RESTORE DATABASE tpcc FROM LATEST IN 's3://{bucket_name}?AWS_ACCESS_KEY_ID={key_id}&AWS_SECRET_ACCESS_KEY={access_key}' WITH DETACHED, new_db_name = 'database_$i';
We could also loop through this command in the language of our choice achieve a bit quicker results than the IMPORT.
Adding Additional Tables - No Data
As I mentioned above, 20k iterations only gets us to 180k tables. I'd like to get closer to 300k tables managed, but I'm not super interested in adding more data as we are already at 50% capacity.
At this point I added ~700 more databases, each with 150 tables. This schema was quite different than the tpcc tables already loaded. How, or if, you chose to get to this higher number of tables I'll leave up to you.
Proof
Just a quick confirmation of the cluster size and items added!
First we'll see the total databases count is just over 22.5k. Then we'll do a count on the descriptors. Descriptors include tables, among a few other things.
Here is the Cluster Overview.
Running a Workload
Now that we have everything loaded, we can go through a similar process to run workloads against some of these identical databases. While I don't have the infrastructure in place to run 22.5k concurrent tpcc workloads...hopefully I can get something decent going.
workload run
Command
Base Just as the initial load, Cockroach makes actually running the load simple as well. The example below will run a tpcc workload for 60 minutes.
cockroach workload run tpcc --duration=60m 'postgresql://root@localhost:26257?sslmode=disable'
Expanding the Base Command
There's a few modifications I made here as well which ends up being pretty similar to the initial load.
cockroach workload run tpcc --db database_$i --duration=60m --conns=1 --display-every=1m 'postgres://root@10.142.0.2:26257?sslmode=disable'
Once again we've added a database flag so we can select some of the databases we created. I also added a connections flag and set it to 1. By default, the workload will create 2 connections per run.
Lastly I added a --display-every
flag. This just changes how often the workload prints out it's per operation statistics. The default is 1s and prints out quite a lot. I wasn't really planning on digesting all this information for 500+ workloads. Later on we will grab the final workload statistics which are printed out at the end.
Throw in a Bash Script
Now that we have our base command, we can create another script to loop through and start these processes. I used a separate virtual machine, outside of the cluster, and with HaProxy installed.
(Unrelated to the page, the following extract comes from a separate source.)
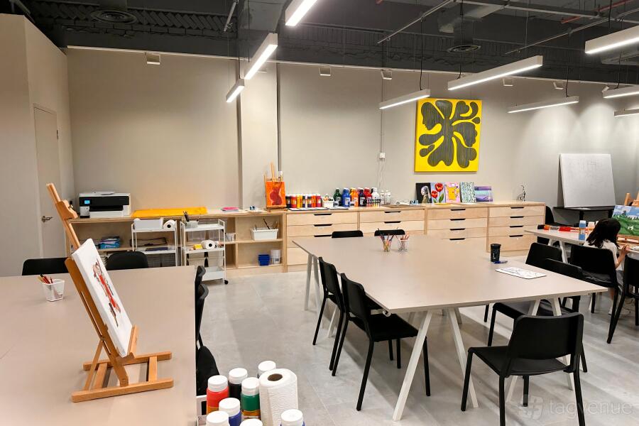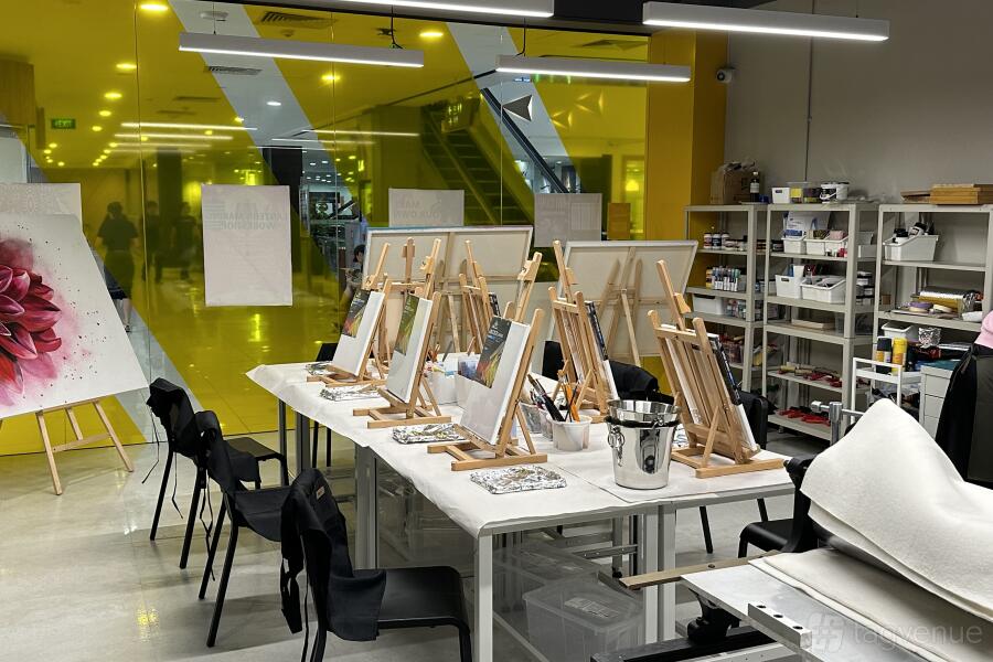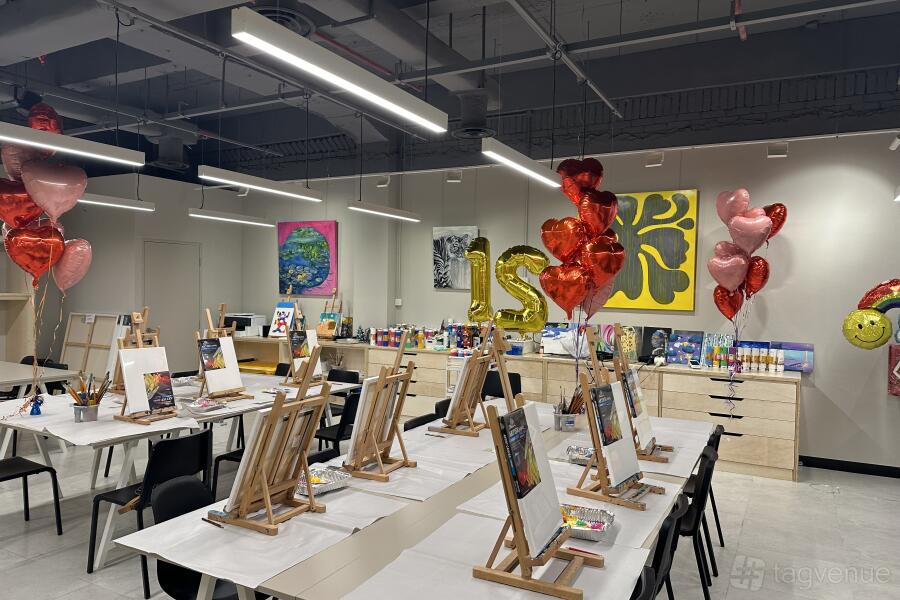 WE ART is a premium Art Studio in The Centrepoint Orchard Road. Our studio spans 1,800 square feet, featuring a main area that comfortably accommodates up to 80 people, along with a private room for up to 10 guests. We’re the perfect venue for art jamming parties, team buildings, kids birthday parties. etc.

FYI, lower these numbers quite a bit if you don't have a solid VM. I was using n2-standard-32.
Below is the simple script I used that loops through starting the workload 500 times.
#!/usr/bin/env bash
for i in {1..500}
do
nohup cockroach workload run tpcc --db database_$i --duration=60m --conns=1 --display-every=1m 'postgres://root@localhost:26257?sslmode=disable' > results/$i.txt 2>&1 &
done
The code at the end throws the output of each workload into it's own file inside a /results
folder.
For my actual tests, I leveraged the following syntax so I wasn't always selecting just the first 500. (I realize there's a semi decent chance for dupes with this logic)
nohup cockroach workload run tpcc --db database_$(( ( RANDOM % 20000 ) + 1 )) --conns=1
Results
Below are the results for workloads of sizes 500, 750, and 1000. Each ran for 1 hour.
Workloads | CPU Usage | QPS | P99 Latency | Tpcc Efc (avg) |
---|---|---|---|---|
500 | ~25-50% | ~1,800/s | ~50ms | 97% |
750 | ~25-50% | ~2,200/s | ~58ms | 97% |
1000 | ~45-60% | ~3,300/s | ~70ms (w/ spikes) | 97% |
Conclusion and Next Steps
Overall I thought CockroachDB handled these tests well while maintaining a tpcc efc percentage of 97% throughout all tests. Mileage will vary depending on number of nodes and vCPU, but this could be a viable option if the current solution today is creating a physical database per tenant.
There's a few things I'd expand on when testing out this model more:
- Impact and speed of making a schema change across each database
- Implementing role based access to each database
- QPS against a non tpcc workload
- Even more tables! Although not mentioned in the blog, I did test 200k vs 300k and saw no differences in performance.